▶ [Exercise directions] When you reach the line that contains "The bracelet is", begin copying exactly, and continue through the last line of the data; no pictures belong in the copy.

** Source data follows **

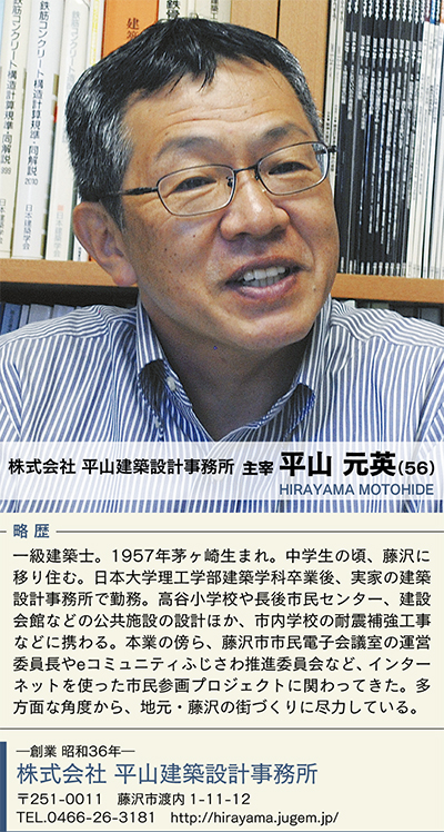 藤沢の新たな産業拠点や交流ゾーンの核として、2014年3月に完成予定の「藤沢商工会館(愛称・ミナパーク)」。設計を手掛けた(株)平山建築設計事務所の主宰・平山元英氏に新たな産業拠点への思い、湘南の街づくりについてインタビューを行った。
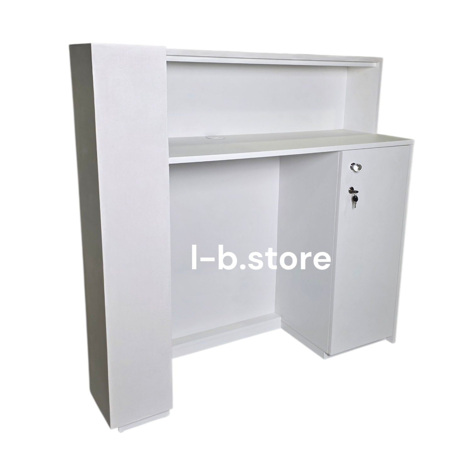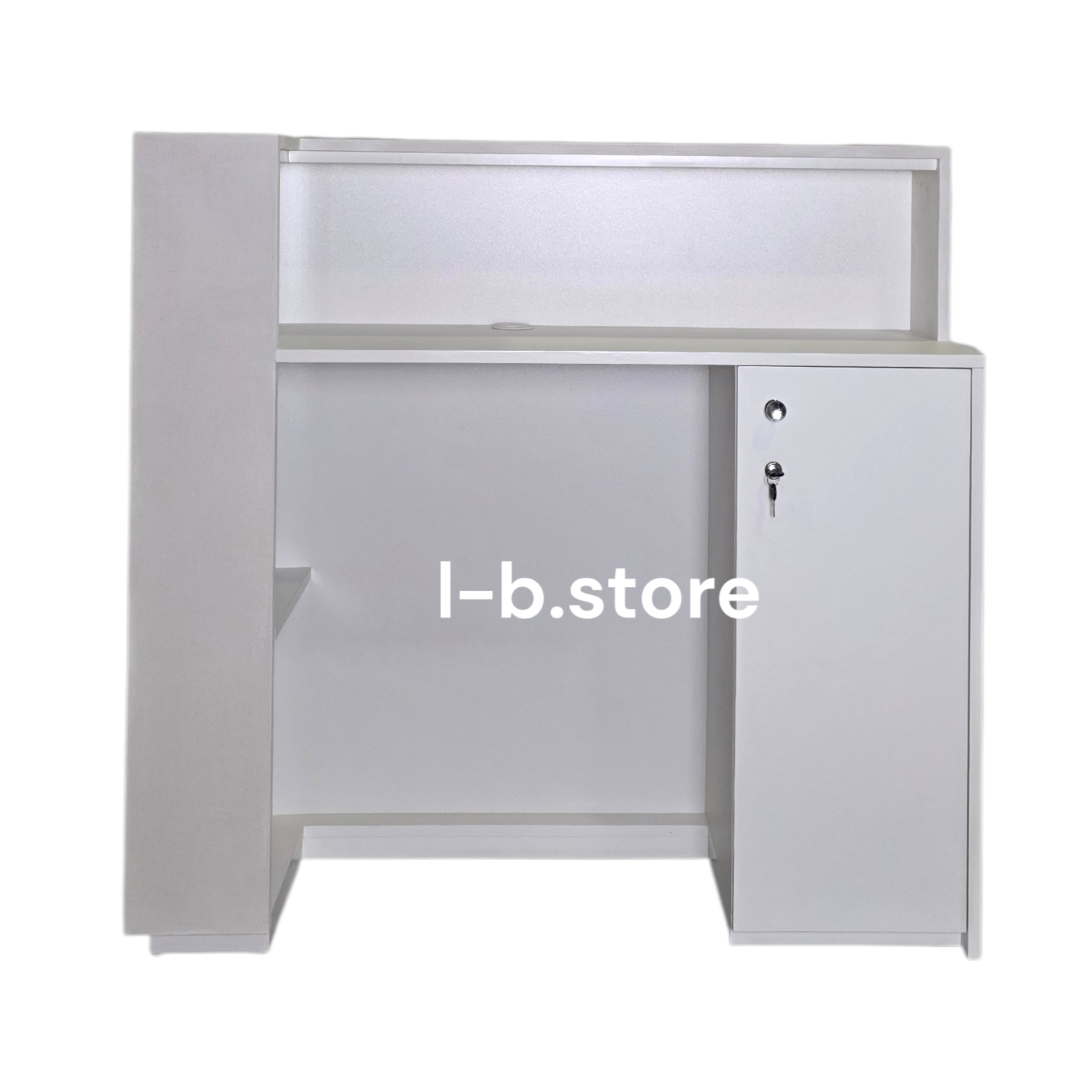 Górny blat wykonany jest w wersji wpuszczonej, dzięki czemu blat oraz powierzchnia frontu tworzą jedną spójną, harmonijną całość. Rozwiązanie to podkreśla architektoniczny charakter recepcji i nadaje jej czystą, minimalistyczną linię.
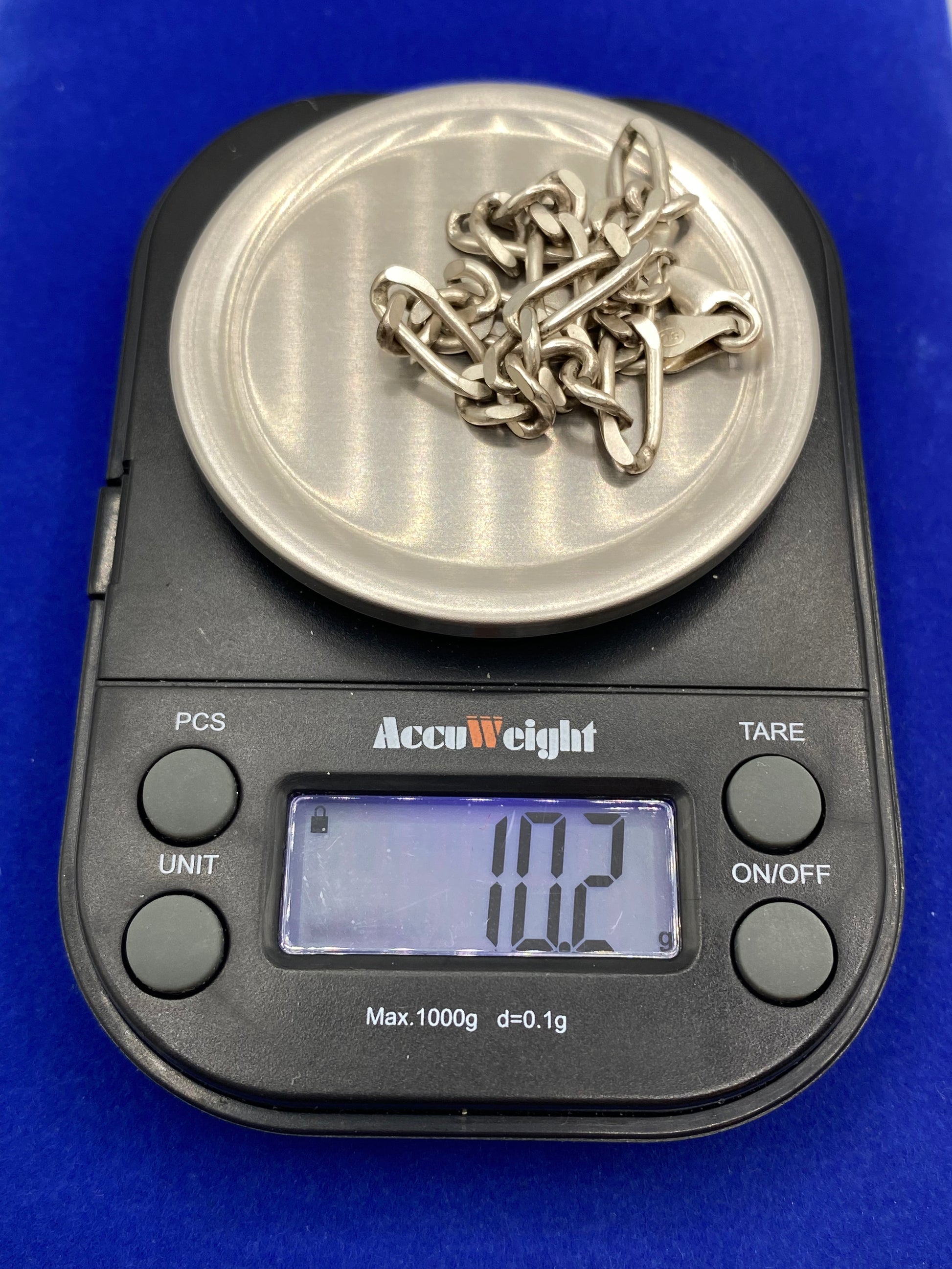 The bracelet is about 8 inches long and weighs about 10.2 grams.
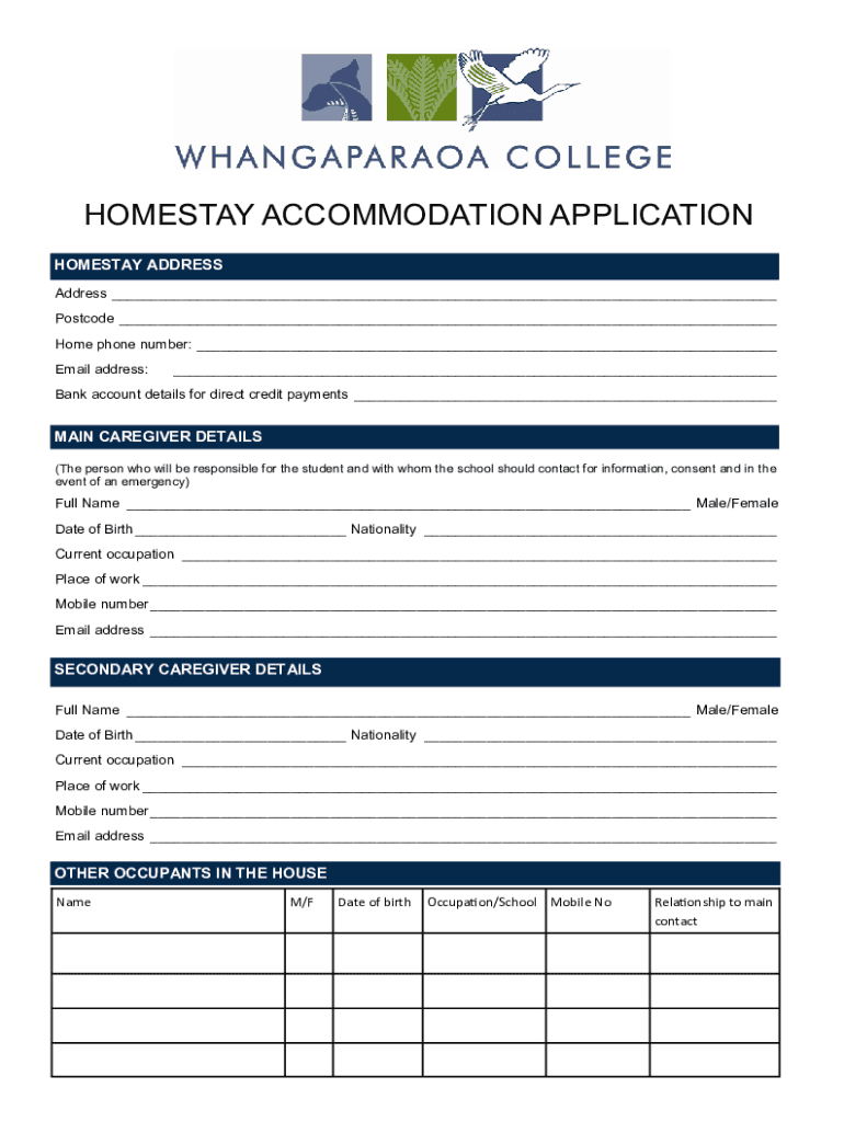 HOMESTAY ACCOMMODATION APPLICATION HOMESTAY ADDRESS ___ Postcode ___ Home phone number: ___ Email address:___Bank account details for direct credit payments ___MAIN CAREGIVER DETAILS (The person who

** End of Source data **

▶ [Exercise result]
 The bracelet is about 8 inches long and weighs about 10.2 grams.
 HOMESTAY ACCOMMODATION APPLICATION HOMESTAY ADDRESS ___ Postcode ___ Home phone number: ___ Email address:___Bank account details for direct credit payments ___MAIN CAREGIVER DETAILS (The person who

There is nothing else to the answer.